START Records provided

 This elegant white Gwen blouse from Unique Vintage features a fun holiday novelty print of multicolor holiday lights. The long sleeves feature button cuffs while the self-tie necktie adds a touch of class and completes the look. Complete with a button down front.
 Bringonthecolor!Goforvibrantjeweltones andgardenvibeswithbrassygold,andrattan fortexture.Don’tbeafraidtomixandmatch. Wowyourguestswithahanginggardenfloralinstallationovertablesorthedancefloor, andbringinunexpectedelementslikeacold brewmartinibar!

END Records provided
START Records provided

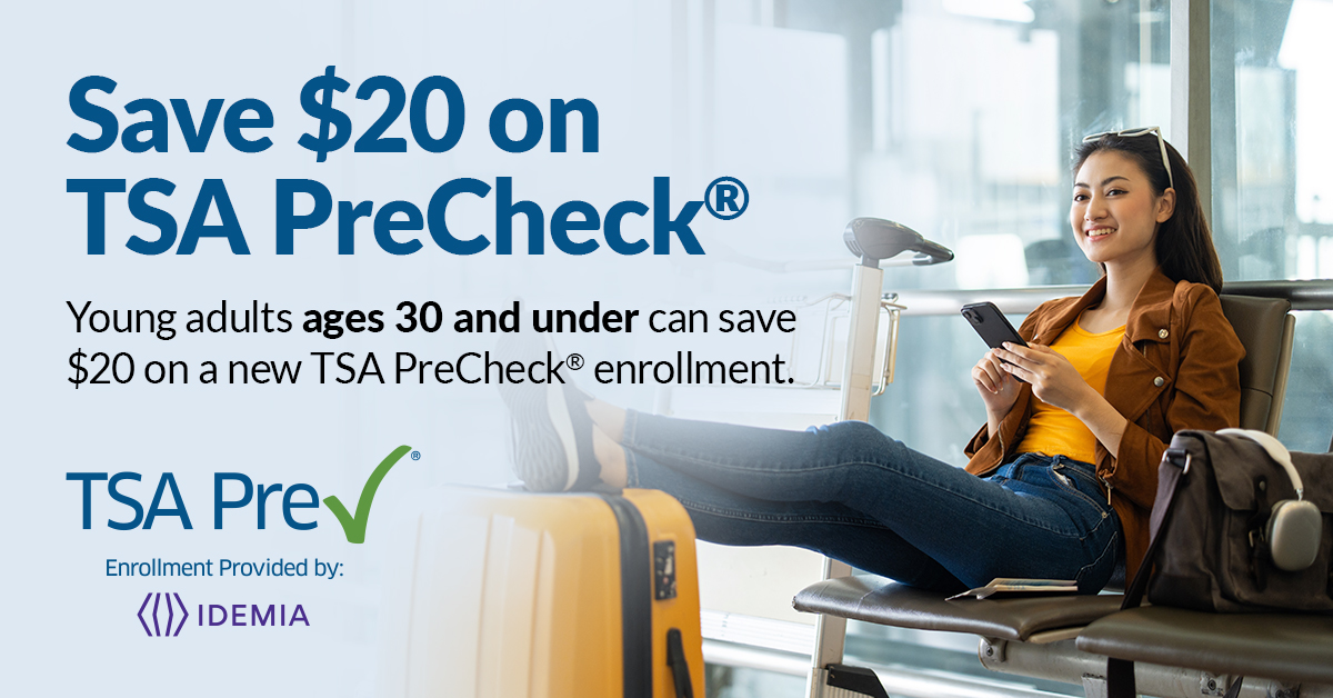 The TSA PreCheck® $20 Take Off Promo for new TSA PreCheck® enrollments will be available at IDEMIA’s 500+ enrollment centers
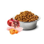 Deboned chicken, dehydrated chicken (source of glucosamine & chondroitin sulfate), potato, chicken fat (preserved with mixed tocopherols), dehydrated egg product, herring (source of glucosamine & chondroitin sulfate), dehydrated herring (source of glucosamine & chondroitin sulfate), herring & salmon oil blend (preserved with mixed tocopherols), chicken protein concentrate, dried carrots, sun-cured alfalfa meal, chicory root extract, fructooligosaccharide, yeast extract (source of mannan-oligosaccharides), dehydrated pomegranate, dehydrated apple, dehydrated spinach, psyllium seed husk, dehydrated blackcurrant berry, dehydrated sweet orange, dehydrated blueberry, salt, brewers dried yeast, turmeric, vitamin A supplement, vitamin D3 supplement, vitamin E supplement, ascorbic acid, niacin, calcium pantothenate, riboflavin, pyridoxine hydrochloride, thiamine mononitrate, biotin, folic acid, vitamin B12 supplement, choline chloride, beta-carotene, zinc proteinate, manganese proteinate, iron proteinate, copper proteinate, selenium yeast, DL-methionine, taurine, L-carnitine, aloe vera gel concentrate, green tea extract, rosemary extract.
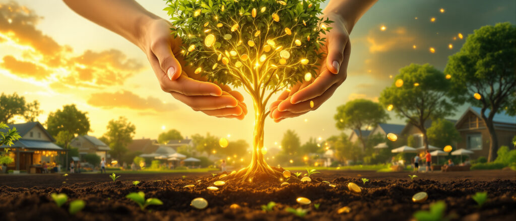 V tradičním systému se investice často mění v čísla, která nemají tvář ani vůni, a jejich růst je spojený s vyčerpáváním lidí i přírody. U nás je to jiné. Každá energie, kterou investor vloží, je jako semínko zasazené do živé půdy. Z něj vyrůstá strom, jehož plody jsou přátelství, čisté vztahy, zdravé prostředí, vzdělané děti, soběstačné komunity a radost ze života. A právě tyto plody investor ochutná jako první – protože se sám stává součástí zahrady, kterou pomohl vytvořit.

END Records provided
START Records provided

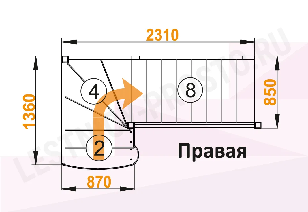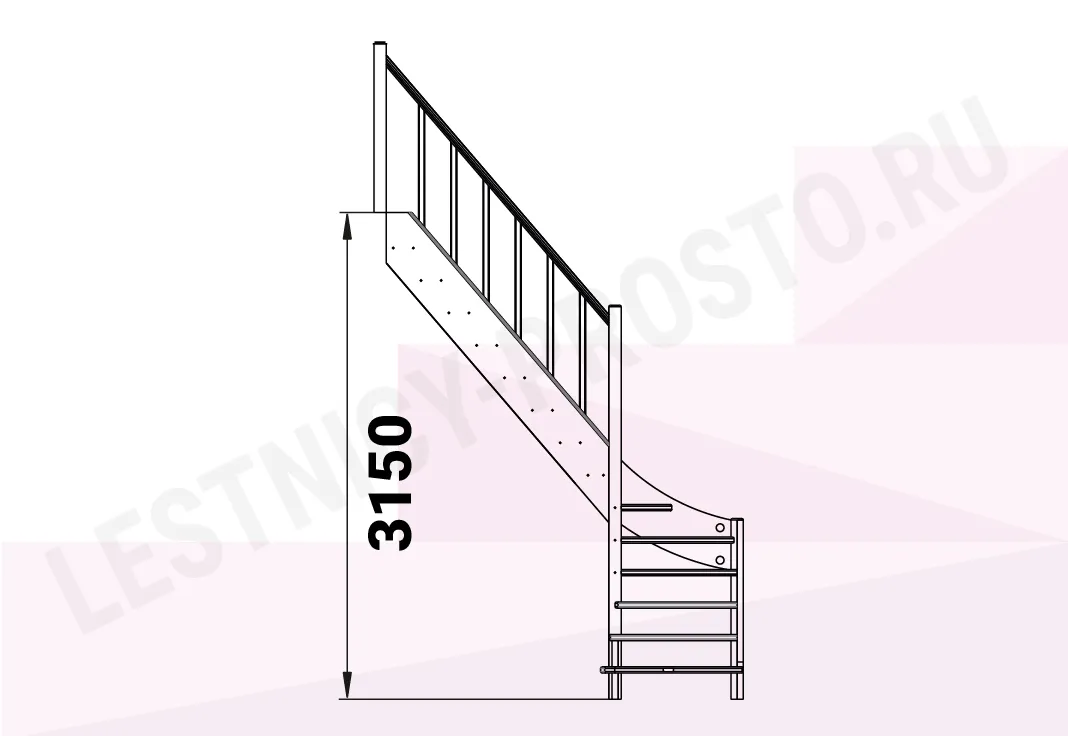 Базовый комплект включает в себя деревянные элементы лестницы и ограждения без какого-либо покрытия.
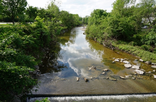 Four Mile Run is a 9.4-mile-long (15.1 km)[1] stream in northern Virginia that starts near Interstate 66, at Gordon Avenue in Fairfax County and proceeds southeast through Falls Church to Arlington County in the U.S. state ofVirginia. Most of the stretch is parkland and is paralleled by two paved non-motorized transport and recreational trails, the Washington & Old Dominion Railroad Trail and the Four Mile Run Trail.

END Records provided

Activity:
Every line above between the one containing "The TSA PreCheck®" and the one containing "Deboned chicken, dehydrated", those two included, is to be printed exactly. No pictures go into the copy.

Task answer:
 The TSA PreCheck® $20 Take Off Promo for new TSA PreCheck® enrollments will be available at IDEMIA’s 500+ enrollment centers
 Deboned chicken, dehydrated chicken (source of glucosamine & chondroitin sulfate), potato, chicken fat (preserved with mixed tocopherols), dehydrated egg product, herring (source of glucosamine & chondroitin sulfate), dehydrated herring (source of glucosamine & chondroitin sulfate), herring & salmon oil blend (preserved with mixed tocopherols), chicken protein concentrate, dried carrots, sun-cured alfalfa meal, chicory root extract, fructooligosaccharide, yeast extract (source of mannan-oligosaccharides), dehydrated pomegranate, dehydrated apple, dehydrated spinach, psyllium seed husk, dehydrated blackcurrant berry, dehydrated sweet orange, dehydrated blueberry, salt, brewers dried yeast, turmeric, vitamin A supplement, vitamin D3 supplement, vitamin E supplement, ascorbic acid, niacin, calcium pantothenate, riboflavin, pyridoxine hydrochloride, thiamine mononitrate, biotin, folic acid, vitamin B12 supplement, choline chloride, beta-carotene, zinc proteinate, manganese proteinate, iron proteinate, copper proteinate, selenium yeast, DL-methionine, taurine, L-carnitine, aloe vera gel concentrate, green tea extract, rosemary extract.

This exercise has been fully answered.